Growing pains??? That’s putting it mildly. I feel like my relationship is being pulled apart by a sadistic taffy machine. I feel restless, bruised, uneasy, unhappy, and unsure of why I feel any of those things I just listed. My emotions are so raw and intense yet without a clear, definable etiology. Something is missing…something is off kilter. It’s extremely subtle to the untrained eye…probably trivial to most. But to me, it has become the proverbial elephant in the room.
I have a good man in my life and, what I have always believed to be an awesome, fulfilling, enviable marriage. But for the past week, I have been feeling more and more like my husband and I have, in some respects become strangers. I know that when we started out, we spent every spare moment getting to know each other on the deepest possible level. But after we got married, our focus shifted to learning how to coexist in the same living space and learning how to be lovers, meanwhile, our friendship has slowly been starving to death. And perhaps we were so convinced that we knew each so well then, that we stopped doing the work. Now we’re stuck with understanding and perceptions based on 2-3 years ago and it just doesn’t cut it anymore. It’s so hard to hear your husband continually say to you that he understands what you’re feeling and that he knows you, but your gut is telling you that he is missing the mark completely. And trust me, I’m scratching my head more and more lately wondering why and how I keep missing it with him. Were we delusional back in the day? I don’t think so. I think we’ve just both changed so much over these past few years that our marriage has a lot of catching up to do.

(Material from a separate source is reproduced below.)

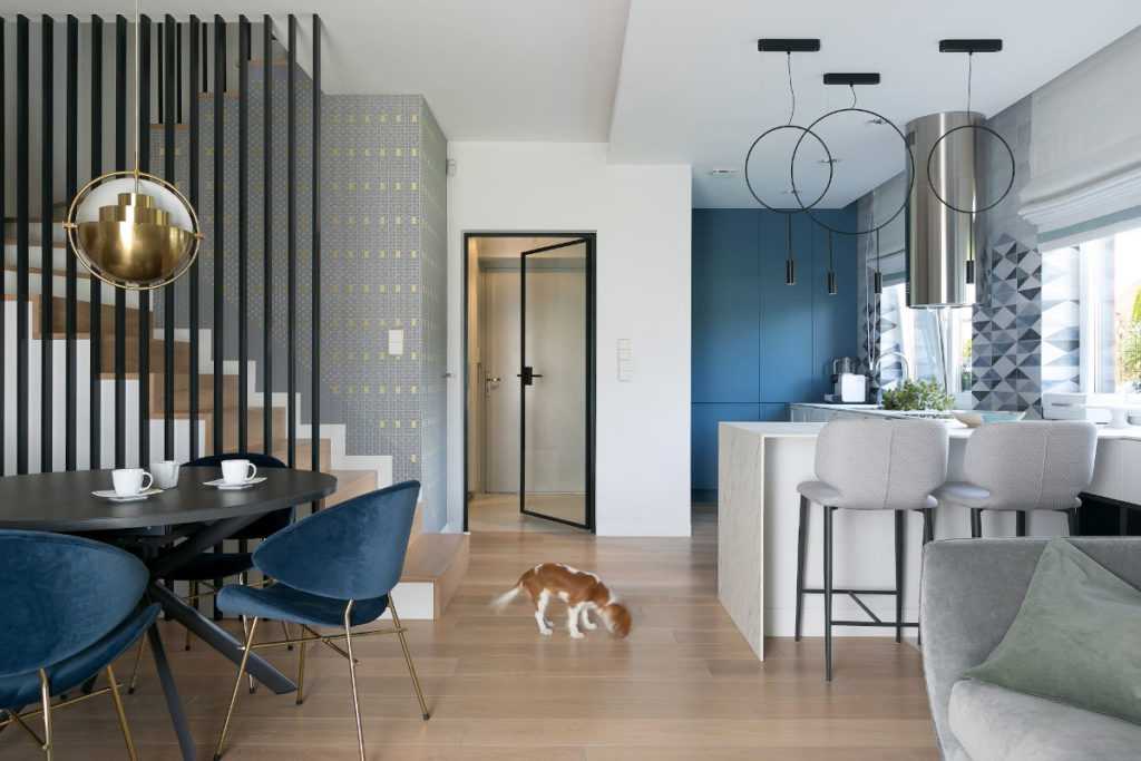 Вы также можете выбрать проверенные цветовые решения, например, приглушенные, классические интерьеры, темно-синий с бежевым, но не совсем белый. В более смелых сочетаниях стоит использовать темно-синий с мерцающими оттенками золота, серебра, меди, латуни или олова.

The worst part of all of this, is that it’s not truly a sudden realization. A part of me has been coming to a slow realization about it for quite some time, but the pending move to GA has converted those pesky, infrequent musings into full-fledged concerns. We will literally be all the other person has apart from God for the next 8 years of our lives…is that really enough?
When I was a kid, I used to think of myself as this lone soul, wandering on some planet somewhere that no else even knew existed. I was convinced that the right man for me, not only knew about my planet, but knew where it was and how to get there. Why do I feel like I’m still waiting to be found? How can just a few fundamental differences in personality make two people feel worlds apart? How can one song so perfectly capture what I’m feeling right now???